- Born: Philip John Scott 26 June 1931 Auckland, New Zealand
- Died: 20 October 2015 (aged 84) Auckland, New Zealand
- Education: University of Otago University of Birmingham
- Scientific career
- Fields: Medicine
- Workplaces: University of Otago University of Auckland Middlemore Hospital
- Thesis: Studies on serum β lipoproteins in health and disease (1962)
- Doctoral advisor: John Squire

= John Scott (medical researcher) =

New Zealand medical researcher (1931–2015)

Sir Philip John Scott (26 June 1931 – 20 October 2015) was a New Zealand medical researcher and administrator.

==Early life and family==
Scott was born in the Auckland suburb of Mount Eden in 1931, to Doris Annie (née Ruddock) and Horace McDonald Scott, but grew up in Palmerston North. He studied at Auckland University College for one year before spending five years at the University of Otago, from where he graduated BMedSc in 1953 and MB ChB in 1955.

==Medical career==
After a period of hospital work in Auckland, as well as six months in general practice, Scott travelled to the United Kingdom. He spent nine months at the Postgraduate Medical School of London at Hammersmith Hospital, where he was awarded Membership of the Royal College of Physicians. He then undertook research in the Department of Experimental Pathology at the University of Birmingham, and graduated MD in 1962. His thesis was titled Studies on serum β lipoproteins in health and disease.

Scott returned to New Zealand and was appointed as a research fellow and then senior lecturer in the University of Otago's Auckland medical unit, but transferred to the University of Auckland medical school when the latter was established, and was head of the Department of Medicine at the University of Auckland from 1979 to 1987. He subsequently spent 10 years as head of the academic group at Middlemore Hospital.
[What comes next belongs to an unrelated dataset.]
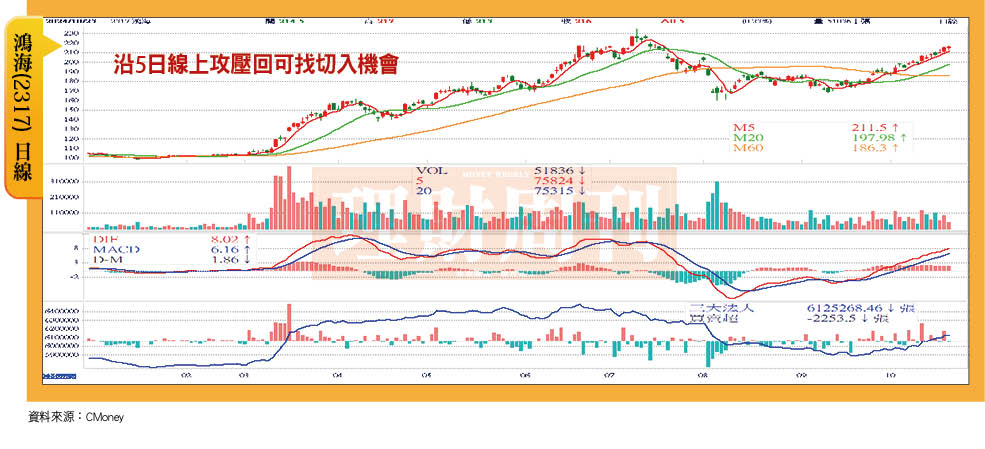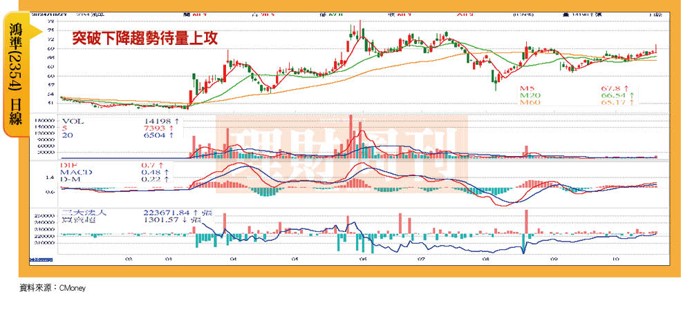 預計第四季營收年增率可望有17%的成長幅度,而市場也一致看好鴻海第四季及明年接續業績的爆發力,自10月起至22日止,鴻海每日的成交均量都在7.2萬張以上,股價上漲共計28元、漲幅達14.93%。後續第三季財報公佈,及在業績題材反映與量能配合下,有機會進一步挑戰7月9日盤中拉上234.5元的歷史高點。
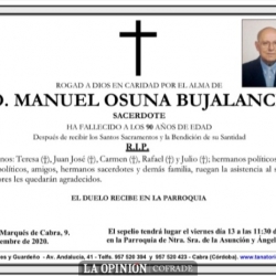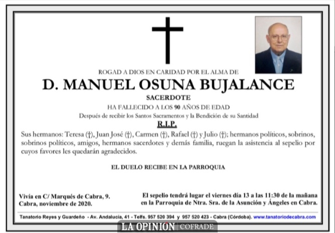 Manuel Osuna falleció en Córdoba el 12 de noviembre de 2020, a los 90 años de edad. La misa exequial tendrá lugar mañana viernes, 13 de noviembre, a las 11:30 horas, en la parroquia Asunción y Ángeles de Cabra.

His research between 1959 and the late 1970s focused on the metabolism of low-density lipoproteins and cholesterol, and arterial pathophysiology. More recently he was interested in diabetes and its complications.

In the mid-1970s, Scott played a key role in exposing Milan Brych, a medical quack who promoted false cancer treatments and was convicted of medical fraud. Scott was interviewed for the 2012 television documentary Cancerman: The Milan Brych Affair, where he was portrayed in reenactments by Aaron Jeffery.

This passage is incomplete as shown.